> Task instructions
Your reply should be a faithful copy of the records below, free of pictures.

> Records from a data collection
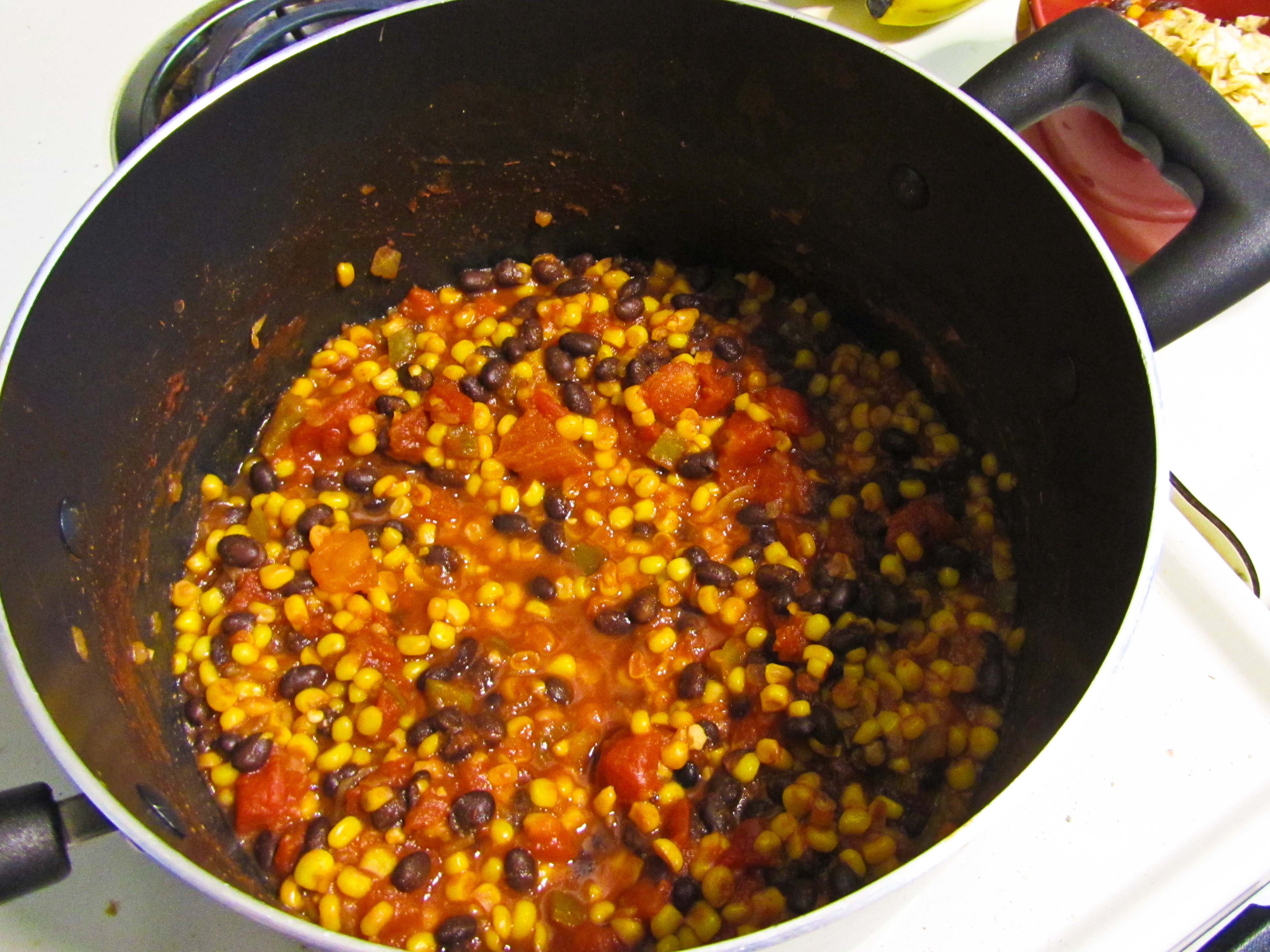 Cooking this dish is absurdly simple. Put everything in a large pot and cook uncovered on medium heat until the corn and beans are tender and everything is hot. Add cumin and chili powder to taste as you cook. This last time I made the chili, I added a dash of ground cinnamon on a whim, and it turned out very well; it gave the spicy dish a bit of sweetness and a very interesting combination of tastes.
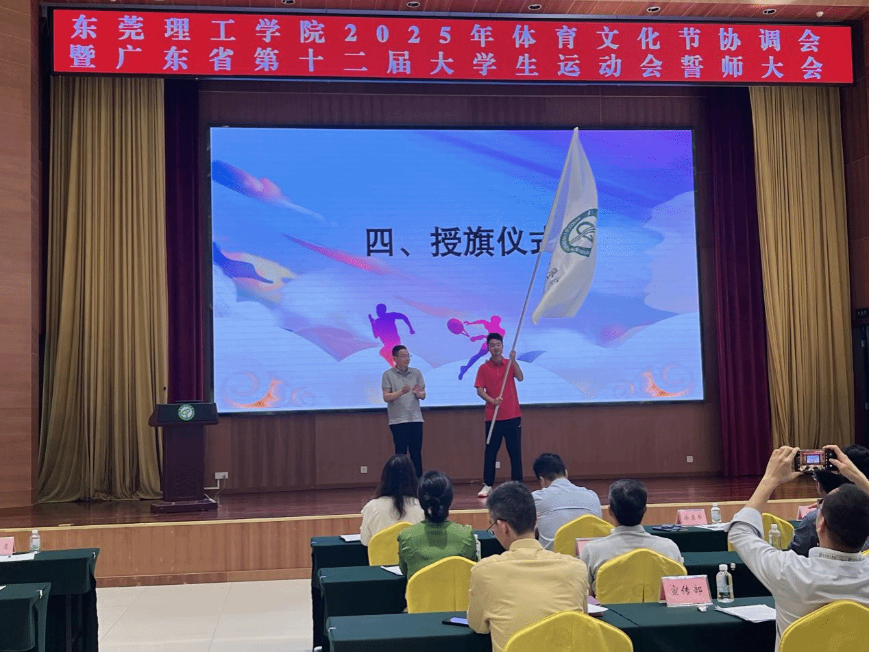 4月21日,学校举行2025年学校体育文化节协调会暨广东省第十二届大学生运动会誓师大会。校党委委员、副校长徐勇军为出征省大学生运动会的代表团授旗并讲话。
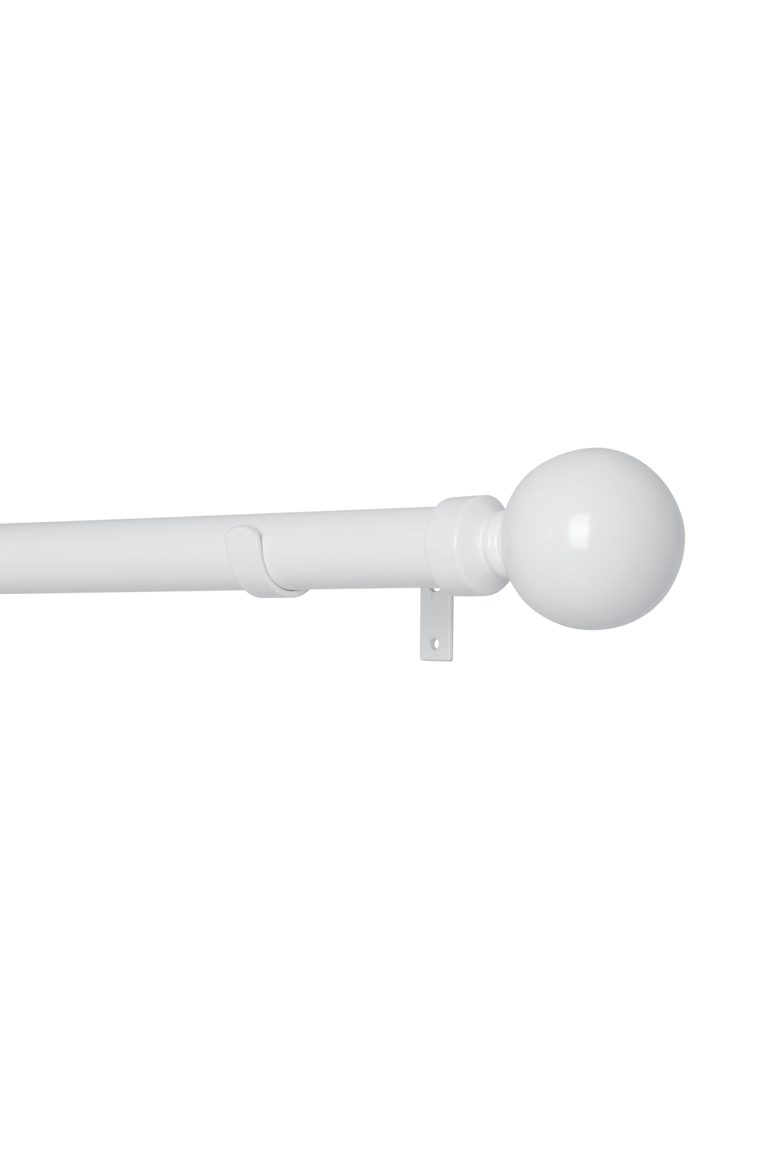Komplet gardinstang i metal (25/28 mm) med kugleformede finials. Sættet indeholder justerbare stænger (110-200 cm), 2 finials og 3 justerbare vægbeslag (7-9 cm).
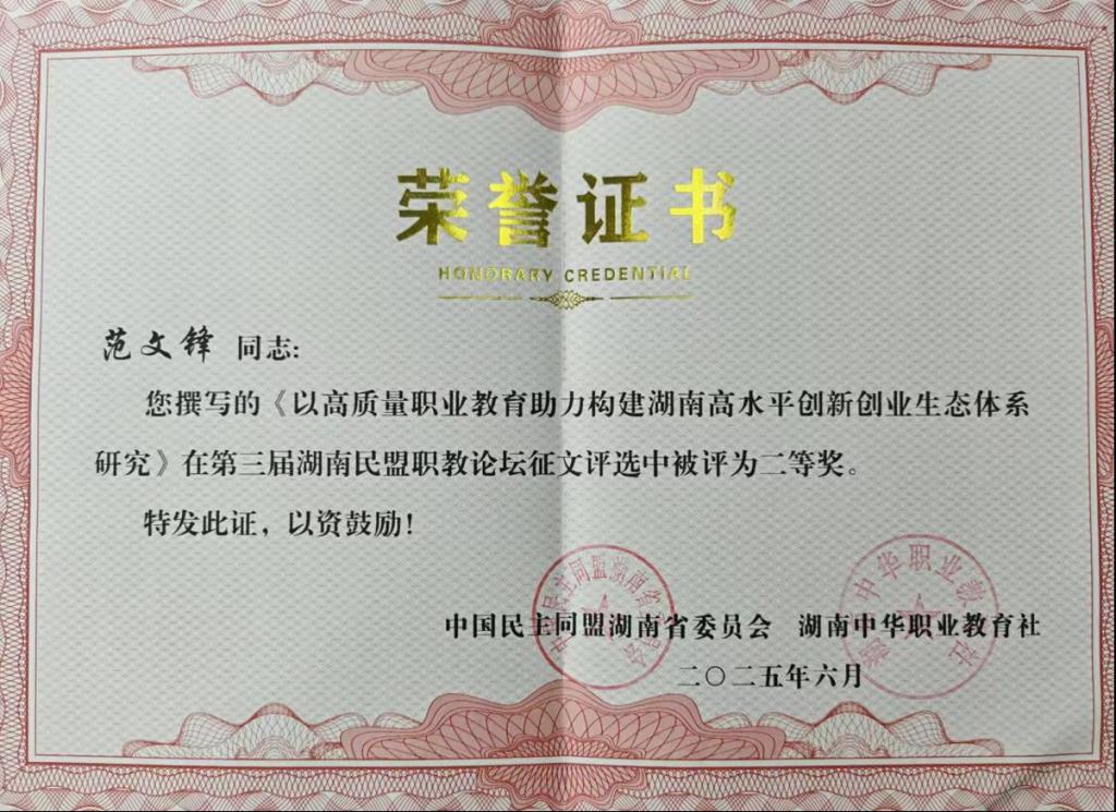 6月19-20日,第三届湖南民盟职教论坛在衡阳召开。伟德盟员范文锋撰写的《以高质量职业教育助力构建湖南高水平创新创业生态体系研究》在第三届湖南民盟职教论坛征文评选中被评为二等奖,受到民盟湖南省委、湖南中华职业教育社的表彰。
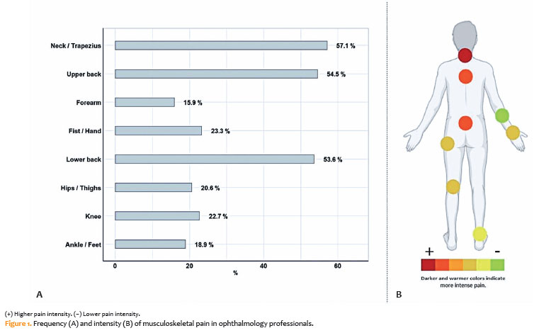 PURPOSE: To assess musculoskeletal symptoms, identify the most affected body areas, and investigate factors associated with the development of musculoskeletal disorders among ophthalmologists in Brazil.
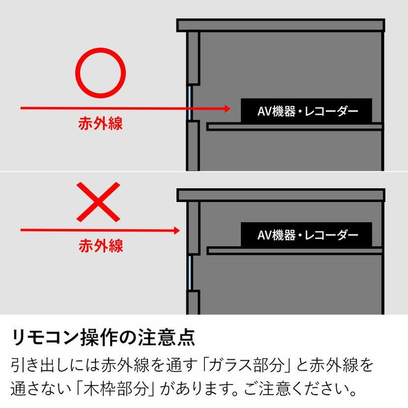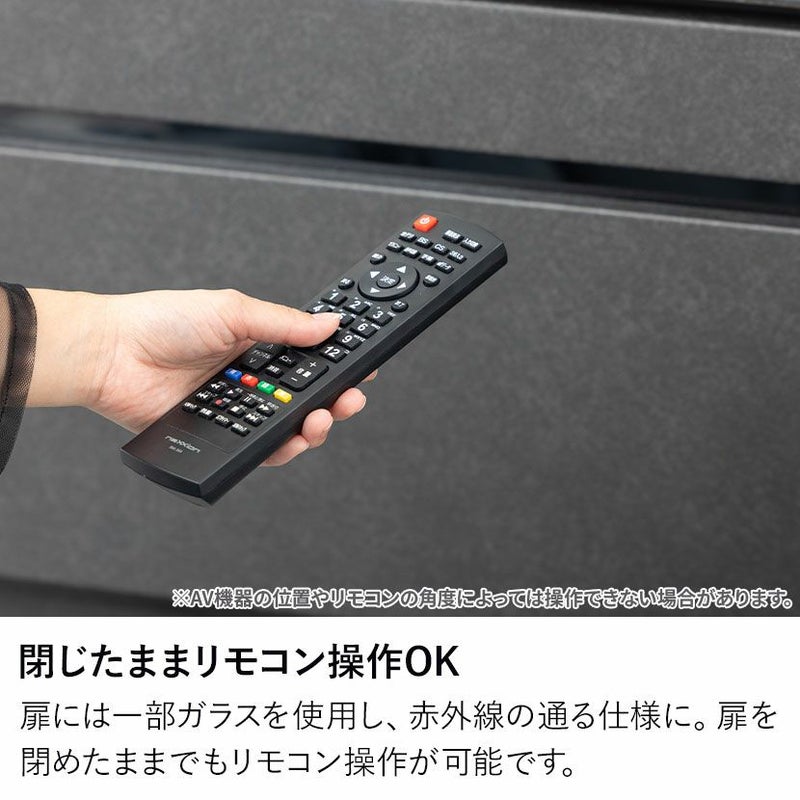 扉の一部にはガラスを使用し、赤外線が通る仕様になっています。これにより、扉を閉めたままでも内部に置いた機器のリモコン操作が可能です。
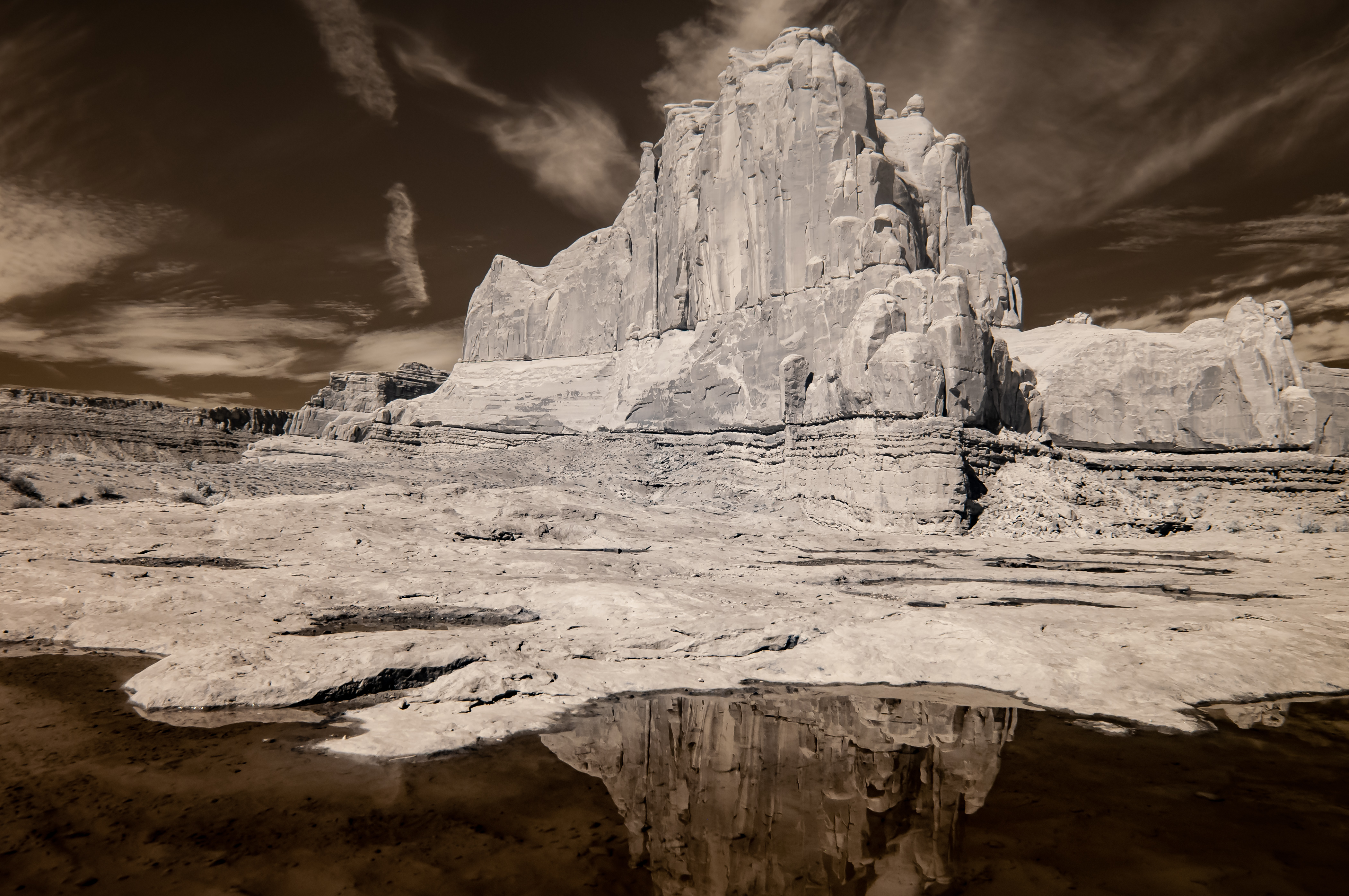 >>4501747Straight out of the camera. -1 stop exposure in camera, turned the highlights down a bit and that's more or less it. Small amount of clarity to bring out the rock texture.This shot was done on a D300 with IR conversion and I can't remember the specs right off but thats what everything looks like coming out of it. I used a 200-500/5.6 and set it to f/16 and guesstimated the hyperfocal on it and managed to nail it.I am very much in love with the D300 setup, enough that I bought my first DX lenses in years. A lot of the IR stuff out there looks cartoonish, I wanted something that could easily be converted to BW. You can get my setup with any other camera or sensor of choice, the difference is the filter in front of the sensor.

> Written solution
 Cooking this dish is absurdly simple. Put everything in a large pot and cook uncovered on medium heat until the corn and beans are tender and everything is hot. Add cumin and chili powder to taste as you cook. This last time I made the chili, I added a dash of ground cinnamon on a whim, and it turned out very well; it gave the spicy dish a bit of sweetness and a very interesting combination of tastes.
 4月21日,学校举行2025年学校体育文化节协调会暨广东省第十二届大学生运动会誓师大会。校党委委员、副校长徐勇军为出征省大学生运动会的代表团授旗并讲话。
Komplet gardinstang i metal (25/28 mm) med kugleformede finials. Sættet indeholder justerbare stænger (110-200 cm), 2 finials og 3 justerbare vægbeslag (7-9 cm).
 6月19-20日,第三届湖南民盟职教论坛在衡阳召开。伟德盟员范文锋撰写的《以高质量职业教育助力构建湖南高水平创新创业生态体系研究》在第三届湖南民盟职教论坛征文评选中被评为二等奖,受到民盟湖南省委、湖南中华职业教育社的表彰。
 PURPOSE: To assess musculoskeletal symptoms, identify the most affected body areas, and investigate factors associated with the development of musculoskeletal disorders among ophthalmologists in Brazil.
 扉の一部にはガラスを使用し、赤外線が通る仕様になっています。これにより、扉を閉めたままでも内部に置いた機器のリモコン操作が可能です。
 >>4501747Straight out of the camera. -1 stop exposure in camera, turned the highlights down a bit and that's more or less it. Small amount of clarity to bring out the rock texture.This shot was done on a D300 with IR conversion and I can't remember the specs right off but thats what everything looks like coming out of it. I used a 200-500/5.6 and set it to f/16 and guesstimated the hyperfocal on it and managed to nail it.I am very much in love with the D300 setup, enough that I bought my first DX lenses in years. A lot of the IR stuff out there looks cartoonish, I wanted something that could easily be converted to BW. You can get my setup with any other camera or sensor of choice, the difference is the filter in front of the sensor.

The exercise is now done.